### What you should do
Using the records below, copy exactly the part that opens with the line holding "AI-powered summarization of" and closes with the line holding "Untuk ruang tamu", minus the pictures.

### Data

==================================================

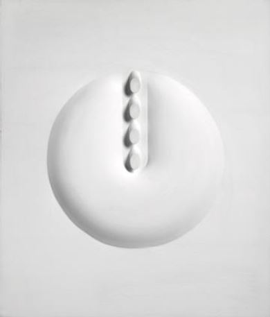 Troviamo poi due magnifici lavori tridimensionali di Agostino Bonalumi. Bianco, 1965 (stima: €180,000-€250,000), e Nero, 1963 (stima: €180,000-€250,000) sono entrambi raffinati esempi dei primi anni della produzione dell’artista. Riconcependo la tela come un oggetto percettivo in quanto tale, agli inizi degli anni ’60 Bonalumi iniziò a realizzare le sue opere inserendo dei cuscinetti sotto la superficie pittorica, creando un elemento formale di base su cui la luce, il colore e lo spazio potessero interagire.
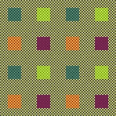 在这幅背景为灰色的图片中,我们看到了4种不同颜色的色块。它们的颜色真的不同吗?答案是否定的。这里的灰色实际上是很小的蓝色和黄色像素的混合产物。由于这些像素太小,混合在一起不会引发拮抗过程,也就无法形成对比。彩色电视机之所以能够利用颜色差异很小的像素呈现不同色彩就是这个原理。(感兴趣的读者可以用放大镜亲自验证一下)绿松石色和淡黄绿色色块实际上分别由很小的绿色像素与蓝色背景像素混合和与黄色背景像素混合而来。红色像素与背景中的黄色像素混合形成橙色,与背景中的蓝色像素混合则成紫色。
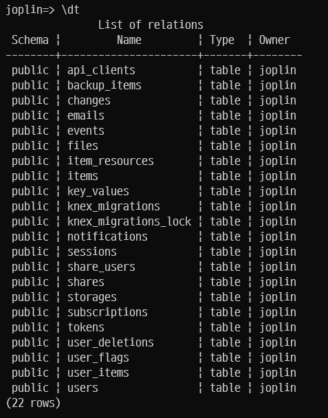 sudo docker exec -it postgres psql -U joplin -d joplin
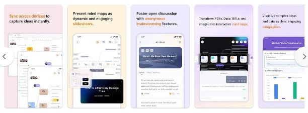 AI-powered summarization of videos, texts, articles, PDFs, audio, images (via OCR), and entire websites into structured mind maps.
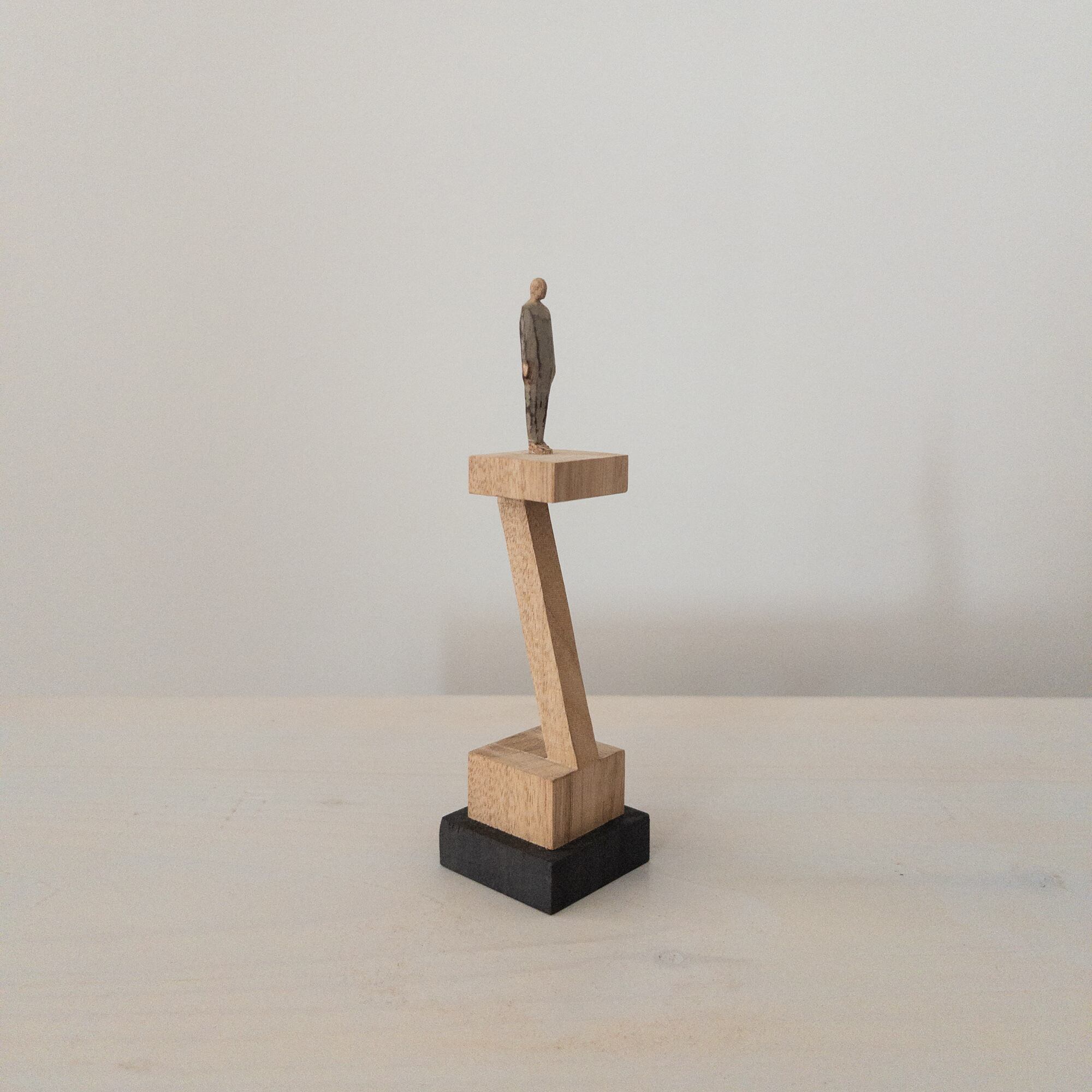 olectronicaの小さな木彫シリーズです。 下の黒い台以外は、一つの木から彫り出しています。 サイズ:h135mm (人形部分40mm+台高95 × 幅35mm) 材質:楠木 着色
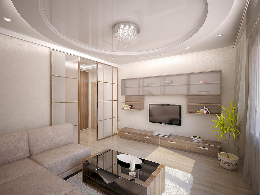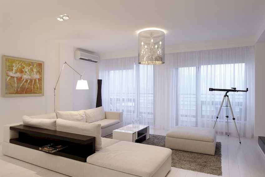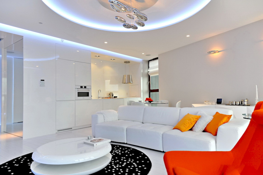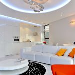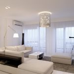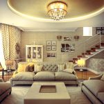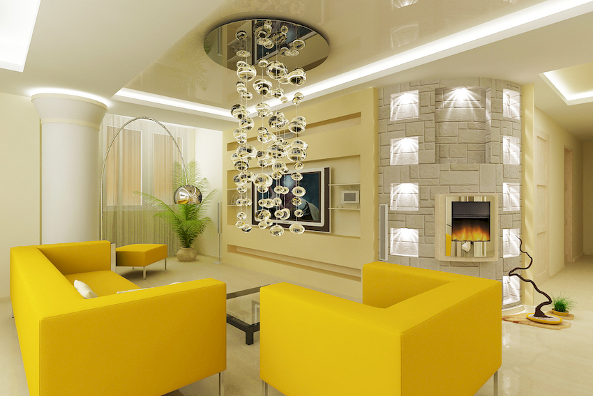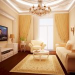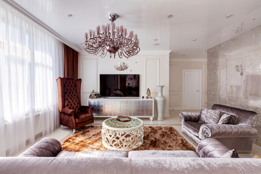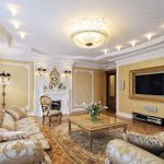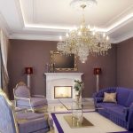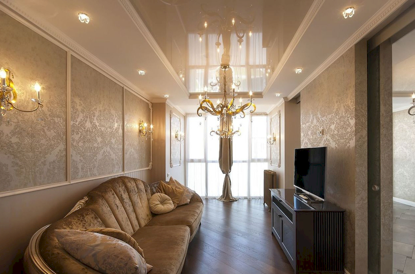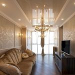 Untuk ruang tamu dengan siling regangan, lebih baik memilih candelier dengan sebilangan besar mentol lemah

==================================================

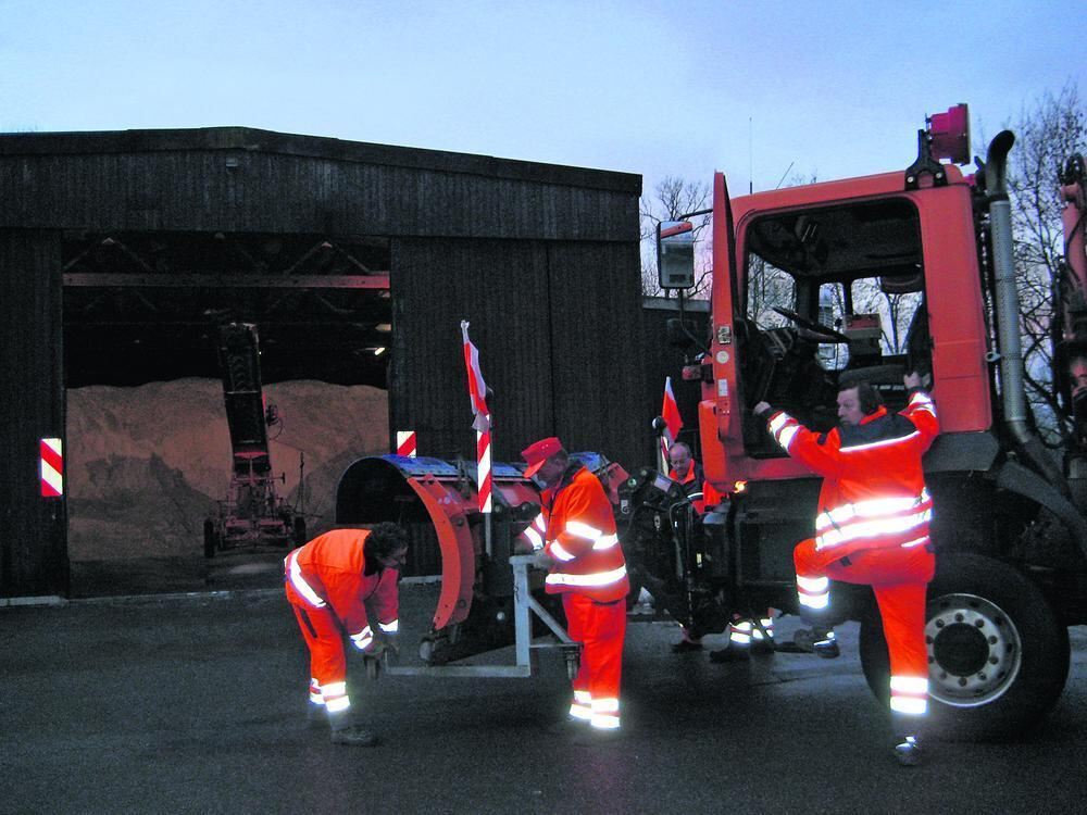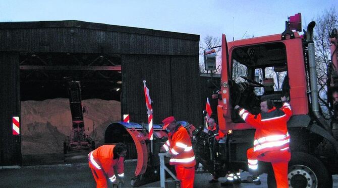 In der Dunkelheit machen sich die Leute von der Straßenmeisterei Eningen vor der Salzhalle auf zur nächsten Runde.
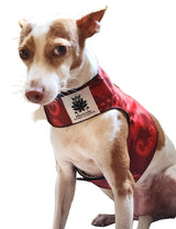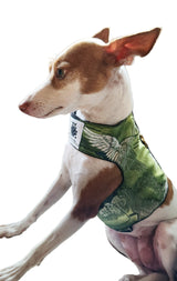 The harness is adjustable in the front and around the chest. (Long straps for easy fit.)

==================================================

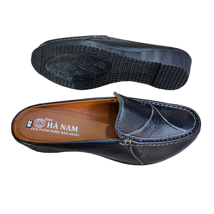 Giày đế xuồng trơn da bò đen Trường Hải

==================================================

### Written solution
 AI-powered summarization of videos, texts, articles, PDFs, audio, images (via OCR), and entire websites into structured mind maps.
 olectronicaの小さな木彫シリーズです。 下の黒い台以外は、一つの木から彫り出しています。 サイズ:h135mm (人形部分40mm+台高95 × 幅35mm) 材質:楠木 着色
 Untuk ruang tamu dengan siling regangan, lebih baik memilih candelier dengan sebilangan besar mentol lemah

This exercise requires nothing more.